“I could aim, but I could not fire
Got a bullet to spare, to kill my desire
Who’s calling the shots – one of us must make the peace
To have or to have not, the fire has got to cease…
I’m loaded, don’t know where to point this thing
It’s a sin how we hit where it hurts…….” ~ Sade – War Of The Hearts (Promise)
I’ve found that when I blog, it’s usually done out of the present emotion. I blog when something good happens to me. I blog when something confuses me and I need answers. I blog when I feel like being comical and want to make people laugh, well, at least those that actually READ this (and that wouldn’t be too many people). I found that the only time I don’t blog is when I’m angry or hurt. To a fault, I’m an emotional guy. This is a personality FLAW. There’s not really a place in this world for an emotional GUY!! What a horrible double standard by the way. Women are allowed to be “emotional”. We actually EXPECT them to be, but when it comes to guys, that stuff won’t fly. But more and more guys are being open with their feelings and emotions. Looks like the girls fall for it initially, but don’t do it too many times gentlemen. One too many cries and you’ll be viewed as a “pussy” or, simply put, a punk bitch. Is it fair? Not hardly. No one said it would be fair. It was never a fair fight to begin with. I digress…..
So, this will be a first for me. I’m in my feelings and I’m blogging. Or “journaling”. Honestly, what’s the difference? If I don’t give you any useful information, is it considered a peek into my personal life? I could have just put that on Facebook. Well, I personally think FB is outta control. I don’t frequent FB as often as I used too. It’s no longer safe. It used to be so that on YOUR page, YOU could say whatever YOU wanted to say about whatever was on YOUR mind. Now, if you do that very thing, you’re subject to the wrath of whomever is reading your status and thinks you’re talking about them. That’s when all the drama starts. Yeah, FB is full of drama. That’s why I steer clear of FB if I’m “in my feelings”. But why am I in my feelings and willing to put it all out there for the world to see?? Quite honestly,
I don’t have anywhere else to go with it…
I’ve been a Christian for as long as I can remember. I know the Bible, I believe there IS a God, I believe that SAME God sent his only son, Jesus, to become a living sacrifice and cleanse us from our sins, and that through Him, we would be saved.
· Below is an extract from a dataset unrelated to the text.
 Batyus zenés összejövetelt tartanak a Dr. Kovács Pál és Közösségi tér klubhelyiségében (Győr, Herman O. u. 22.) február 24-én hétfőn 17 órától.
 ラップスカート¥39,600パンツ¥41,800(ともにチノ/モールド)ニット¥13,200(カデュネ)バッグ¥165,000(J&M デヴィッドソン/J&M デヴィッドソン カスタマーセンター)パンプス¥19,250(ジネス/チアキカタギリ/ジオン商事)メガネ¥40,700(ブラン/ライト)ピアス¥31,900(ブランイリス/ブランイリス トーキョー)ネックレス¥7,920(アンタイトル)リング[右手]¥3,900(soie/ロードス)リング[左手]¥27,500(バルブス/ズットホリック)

I believe there’s no place that I can go that God won’t be. He is everywhere, sees everything, and knows everyone. And even in all that, I feel like God and I are SO far apart. Why? Because emotionally, I’m getting my butt whupped. Even with my Christian beliefs, I’m also a very emotional being. I love to be held; I love to hold people (well, the one I love anyway); a physical interaction (amongst the spiritual and emotional) is what moves me…but that’s been missing. Missing to the point where I would like to send out an Amber Alert. So much has happened to me lately, I’m wondering if I’ve been TOO emotional all these years. I feel like I’ve given a LOT of myself over the years, but haven’t gotten that same in return. Yes, I feel slighted. Or have I been expecting too much from people?
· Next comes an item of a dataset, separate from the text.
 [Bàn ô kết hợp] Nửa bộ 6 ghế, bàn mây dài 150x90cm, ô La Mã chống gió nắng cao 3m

Most will not agree with what I’m about to say here, but after being in this situation more times than I care to admit (and it’s my own fault), I have to change my way of thinking. No, it’s not good to totally expose yourself to ANYONE. You have to protect yourself from those that could potentially take advantage of you. And no, not everyone has evil intentions, but who can you trust?? You don’t know who you’re dealing with at first glance, and even after several hundred glances, you STILL don’t know. People do a good job masking who they really are. We’re ALL GOOD at it. WE – yes, I admit it too, because you want to put on a good show and impress that special someone. But always remember – when it comes to the heart, you’re always – ALWAYS – going to be at war. And if you’re like me, you get sick of losing that battle…that war of the hearts.